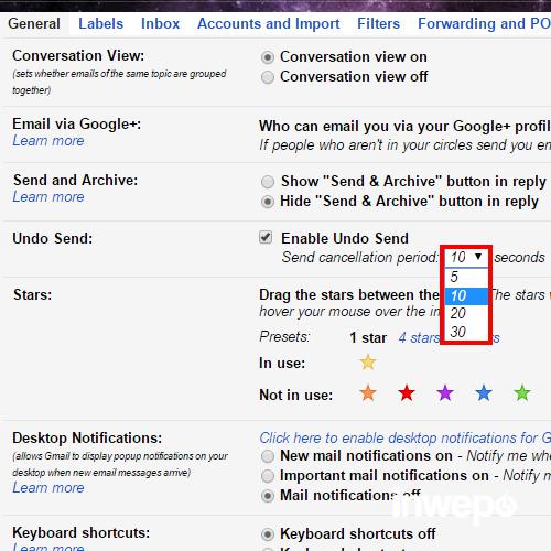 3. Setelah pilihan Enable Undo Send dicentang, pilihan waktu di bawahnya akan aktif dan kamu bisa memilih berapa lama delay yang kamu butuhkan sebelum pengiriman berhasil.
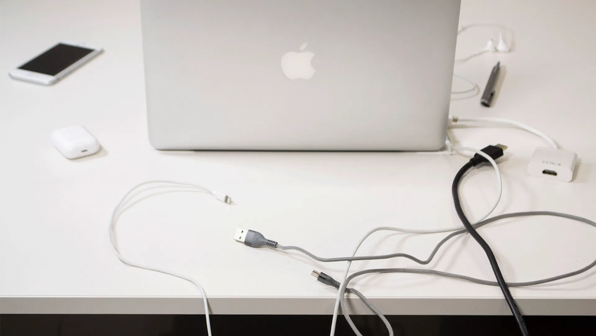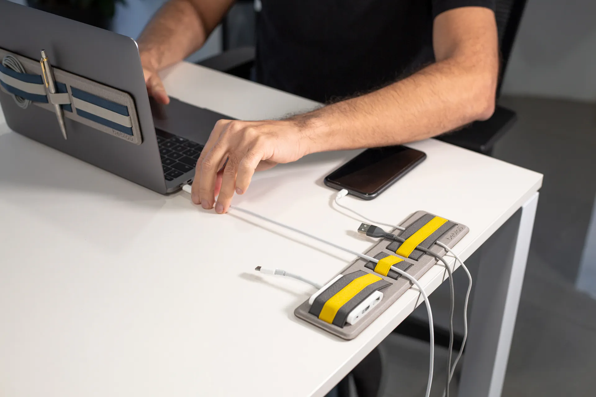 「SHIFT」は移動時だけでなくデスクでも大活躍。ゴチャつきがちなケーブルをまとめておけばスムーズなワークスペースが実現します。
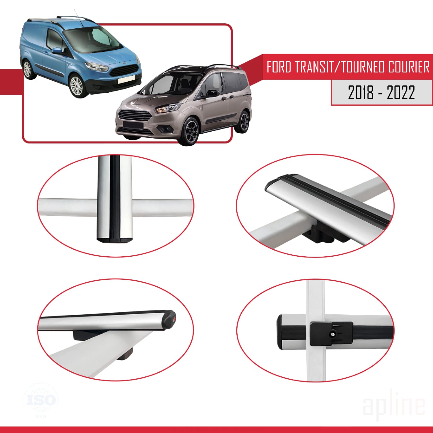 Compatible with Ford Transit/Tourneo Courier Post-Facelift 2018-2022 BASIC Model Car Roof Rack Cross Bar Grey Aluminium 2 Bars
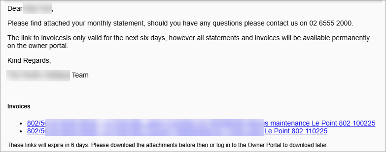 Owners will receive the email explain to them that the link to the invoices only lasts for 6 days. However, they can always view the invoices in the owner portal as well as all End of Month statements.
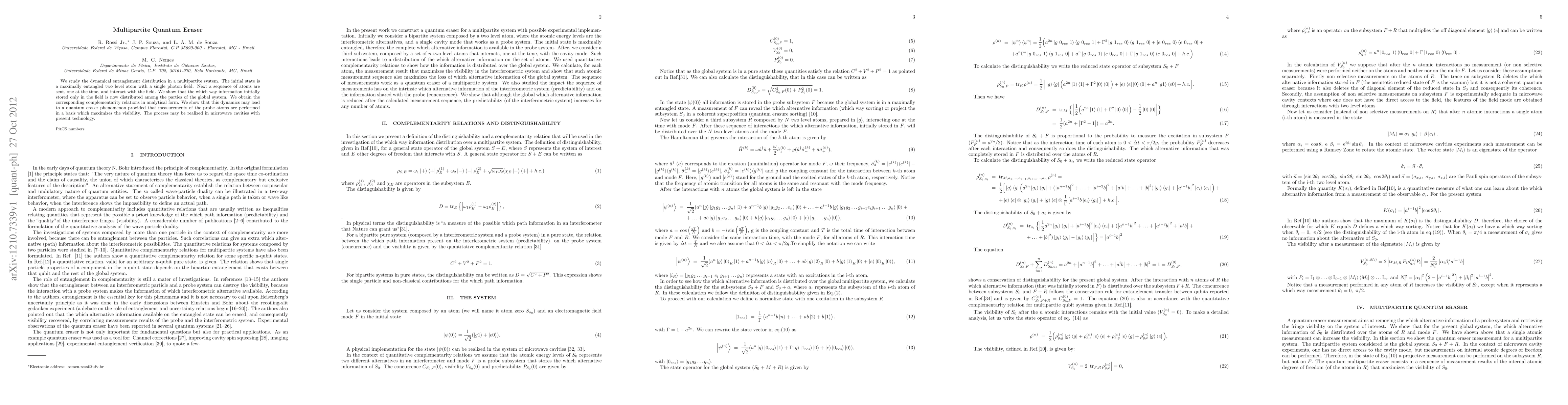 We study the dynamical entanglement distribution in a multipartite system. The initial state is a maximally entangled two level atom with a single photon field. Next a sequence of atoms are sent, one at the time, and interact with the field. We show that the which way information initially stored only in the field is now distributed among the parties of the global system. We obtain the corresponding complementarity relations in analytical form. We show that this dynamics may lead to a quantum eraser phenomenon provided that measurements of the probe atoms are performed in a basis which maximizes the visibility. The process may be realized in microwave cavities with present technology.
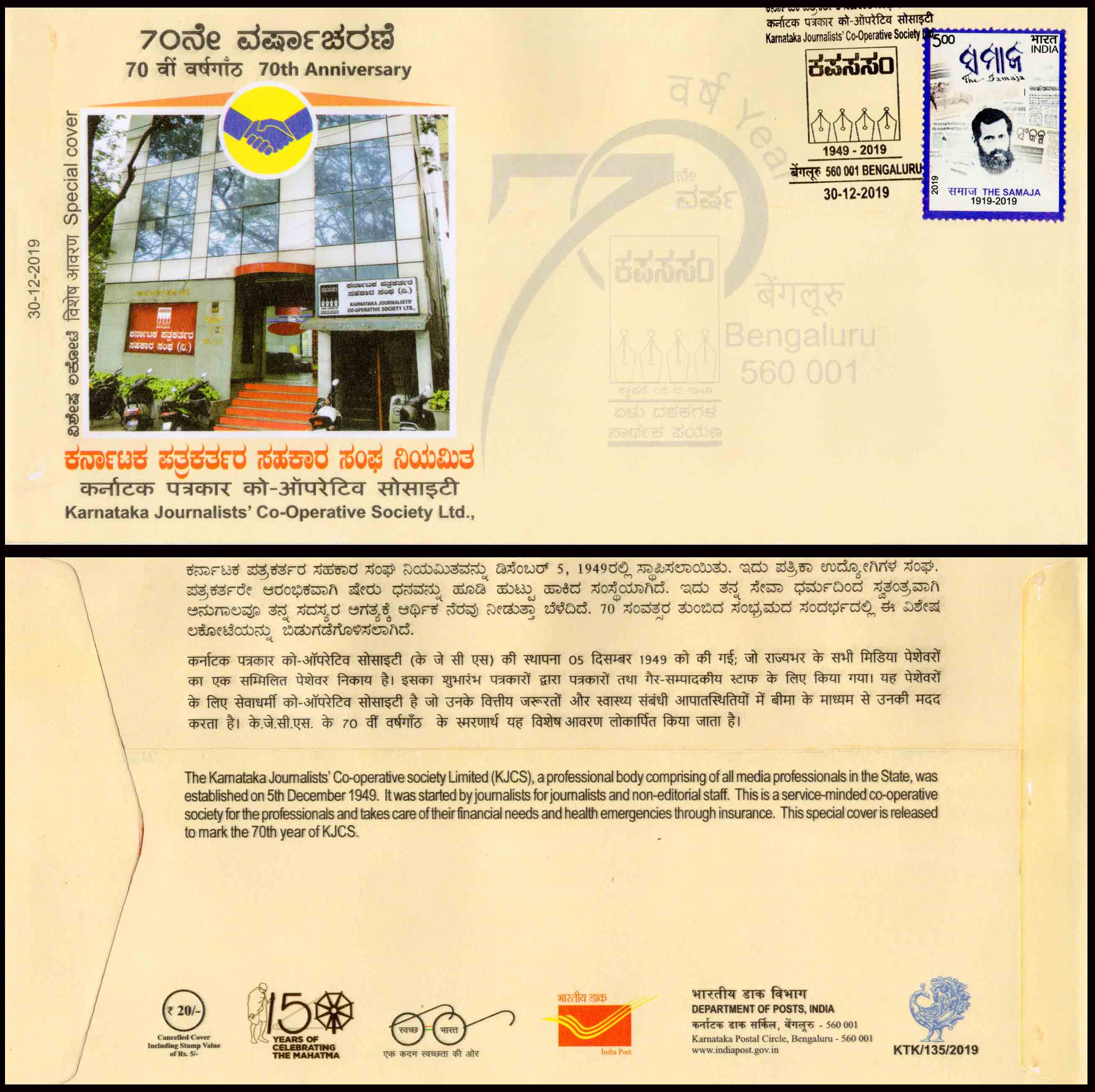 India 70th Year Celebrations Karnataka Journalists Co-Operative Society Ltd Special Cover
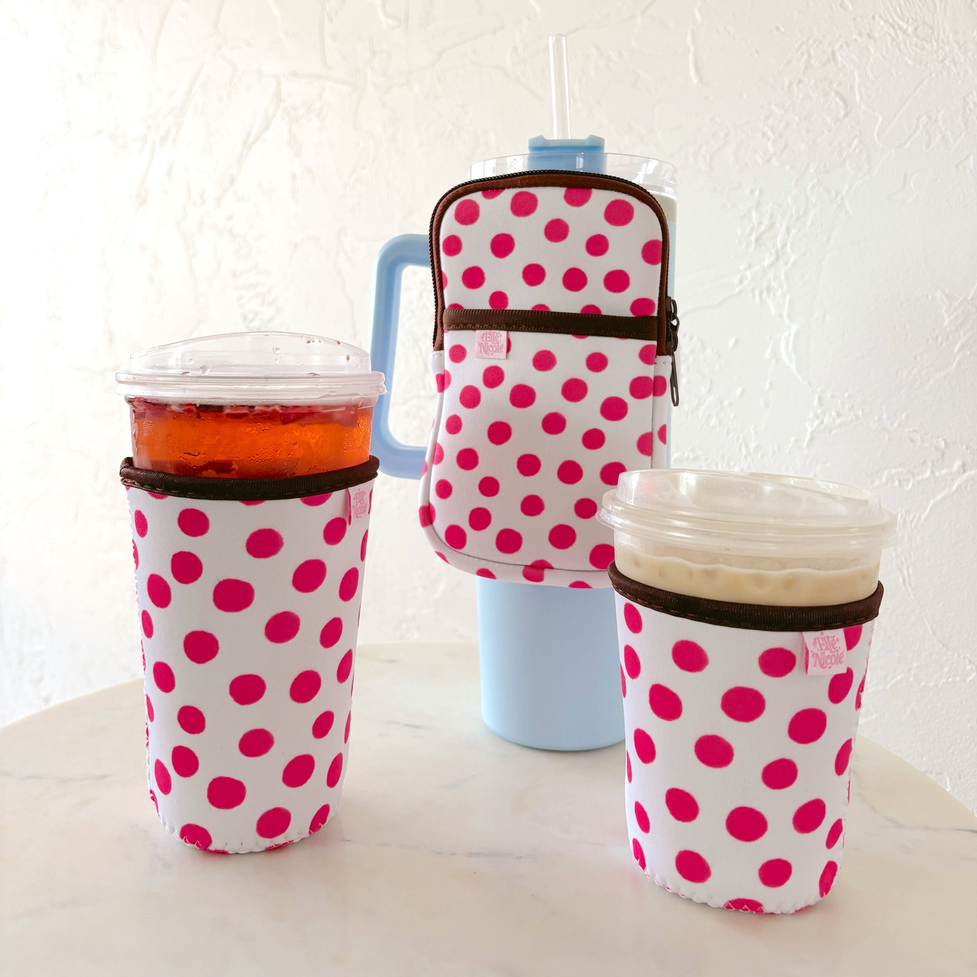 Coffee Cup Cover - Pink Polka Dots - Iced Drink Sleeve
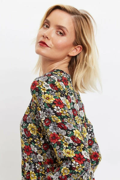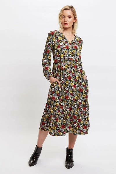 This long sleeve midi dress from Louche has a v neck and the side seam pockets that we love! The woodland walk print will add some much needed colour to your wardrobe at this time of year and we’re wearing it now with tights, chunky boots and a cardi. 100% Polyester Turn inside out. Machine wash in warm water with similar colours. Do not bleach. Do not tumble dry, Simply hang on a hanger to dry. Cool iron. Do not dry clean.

==

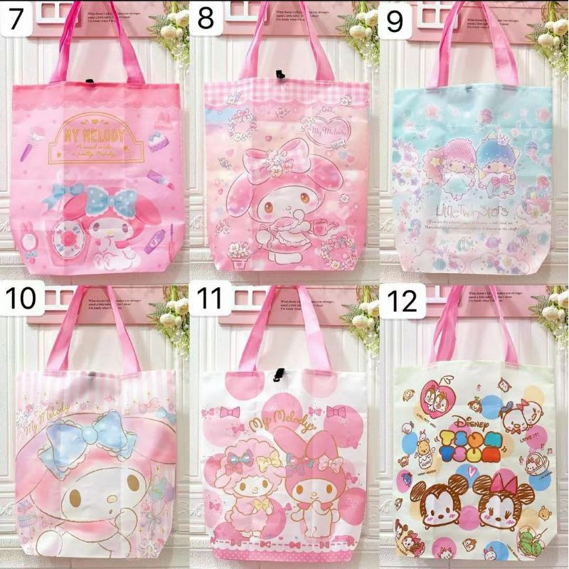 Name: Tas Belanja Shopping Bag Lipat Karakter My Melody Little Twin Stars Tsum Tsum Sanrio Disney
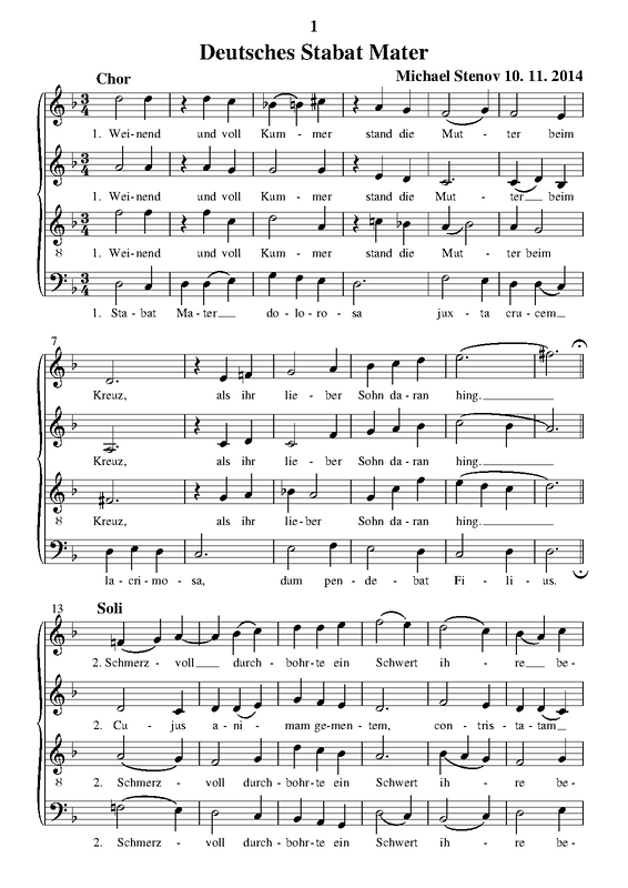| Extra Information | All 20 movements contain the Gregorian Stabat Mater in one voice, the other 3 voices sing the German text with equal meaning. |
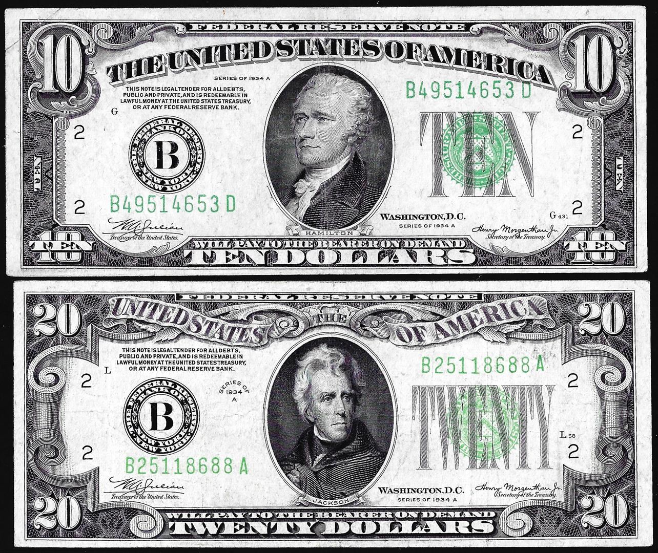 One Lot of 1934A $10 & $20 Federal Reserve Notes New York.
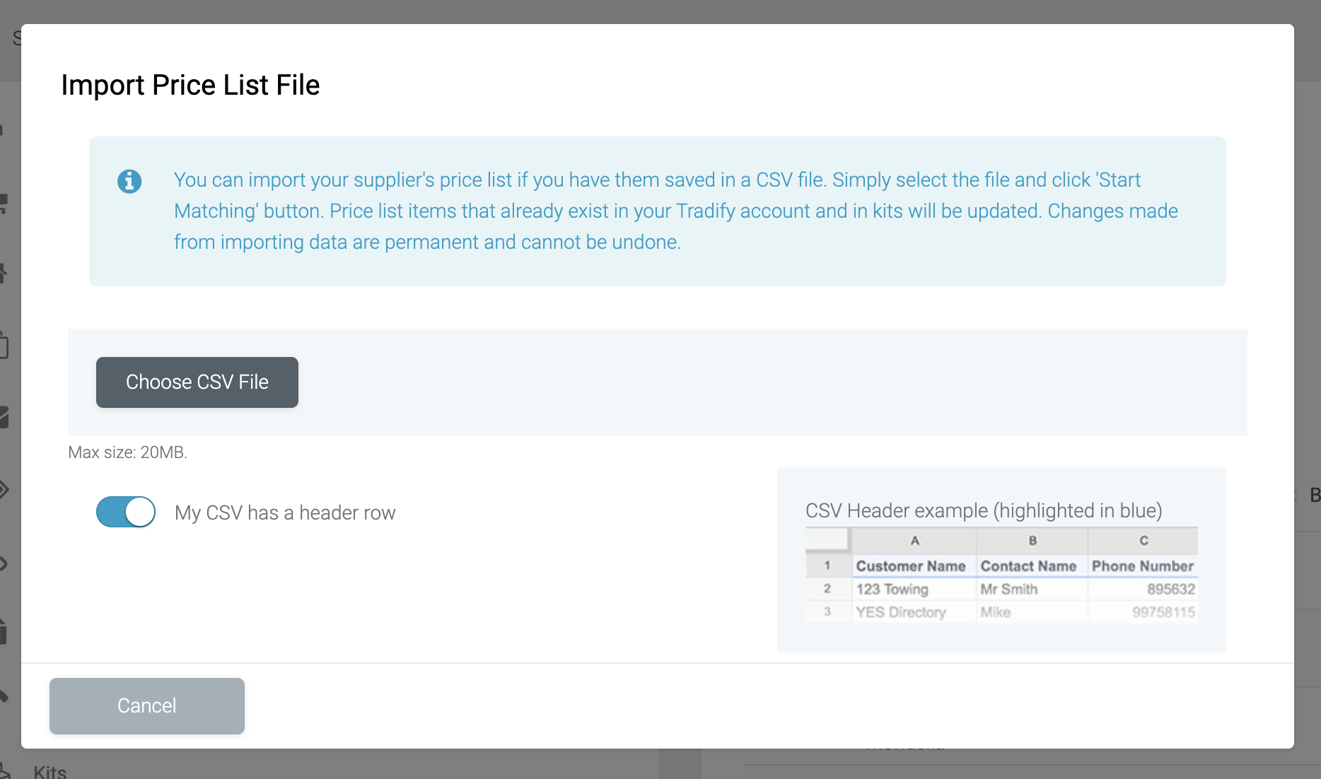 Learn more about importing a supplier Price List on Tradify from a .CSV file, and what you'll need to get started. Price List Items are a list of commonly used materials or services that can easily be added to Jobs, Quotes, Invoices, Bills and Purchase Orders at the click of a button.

* * *

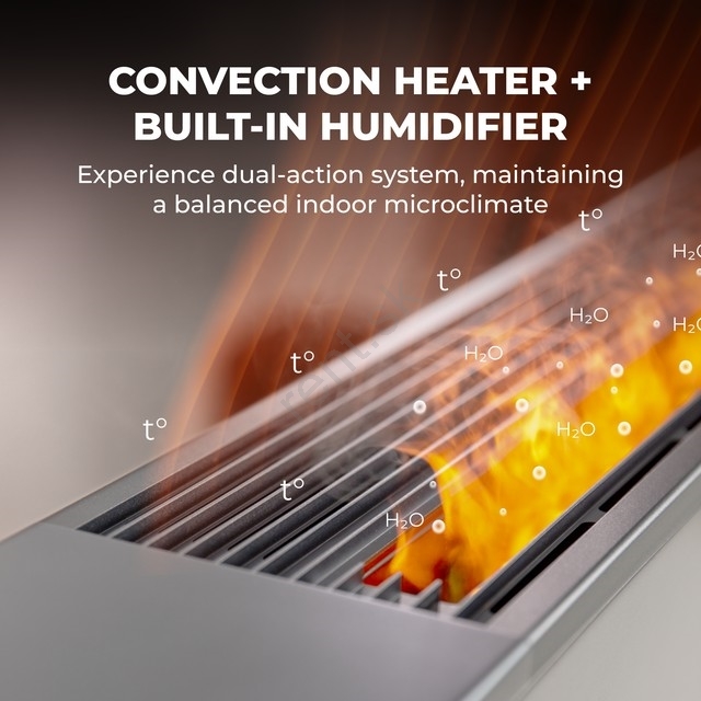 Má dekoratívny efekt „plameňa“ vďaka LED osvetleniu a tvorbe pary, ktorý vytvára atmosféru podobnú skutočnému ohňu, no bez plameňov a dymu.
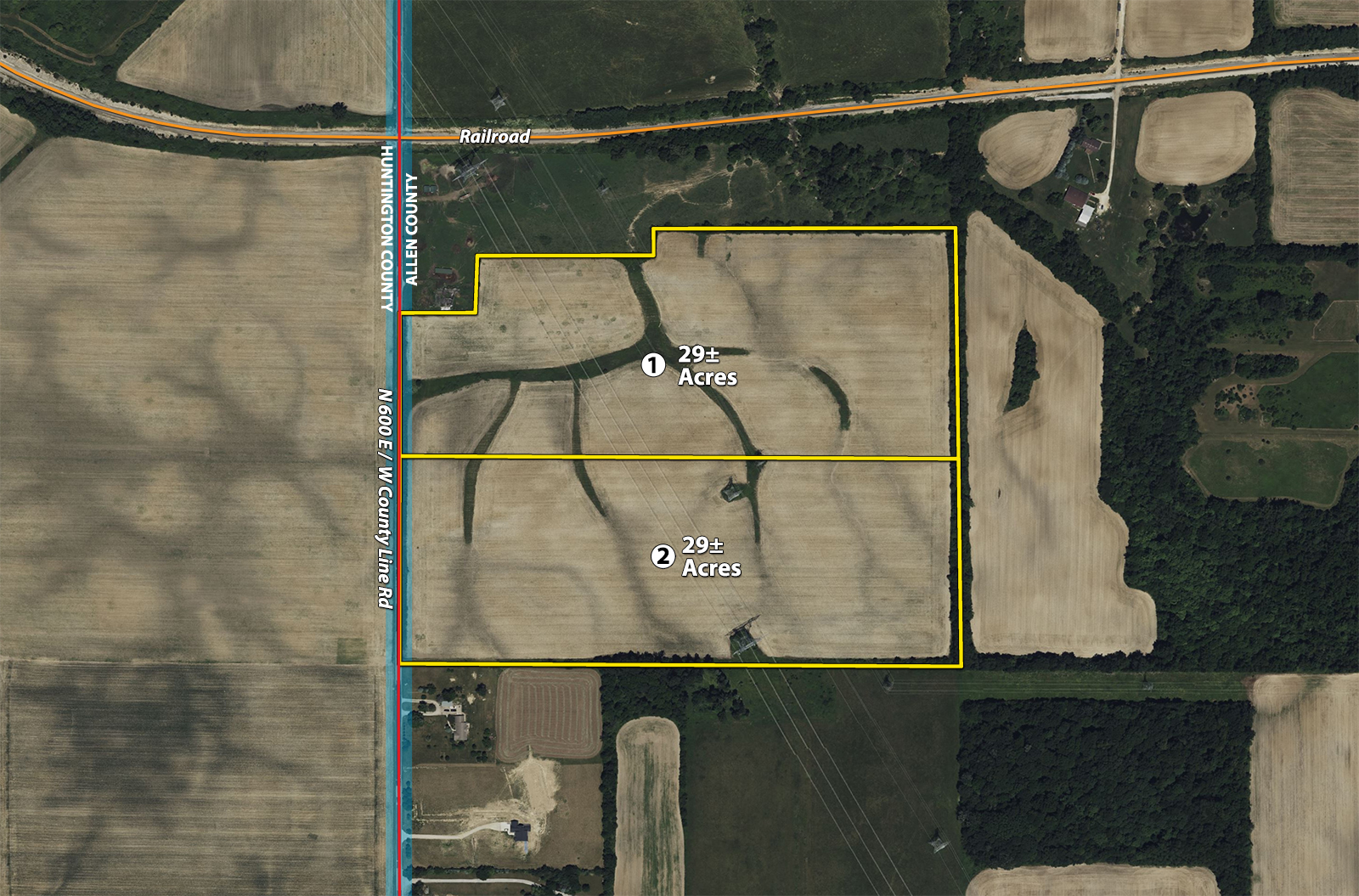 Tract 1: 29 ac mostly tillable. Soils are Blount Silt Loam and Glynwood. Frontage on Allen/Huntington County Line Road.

### Assignment
Nothing but the lines from the one containing "Coffee Cup Cover" through the one containing "This long sleeve" should appear, copied exactly from the material above and without pictures.

### Completed exercise
 Coffee Cup Cover - Pink Polka Dots - Iced Drink Sleeve
 This long sleeve midi dress from Louche has a v neck and the side seam pockets that we love! The woodland walk print will add some much needed colour to your wardrobe at this time of year and we’re wearing it now with tights, chunky boots and a cardi. 100% Polyester Turn inside out. Machine wash in warm water with similar colours. Do not bleach. Do not tumble dry, Simply hang on a hanger to dry. Cool iron. Do not dry clean.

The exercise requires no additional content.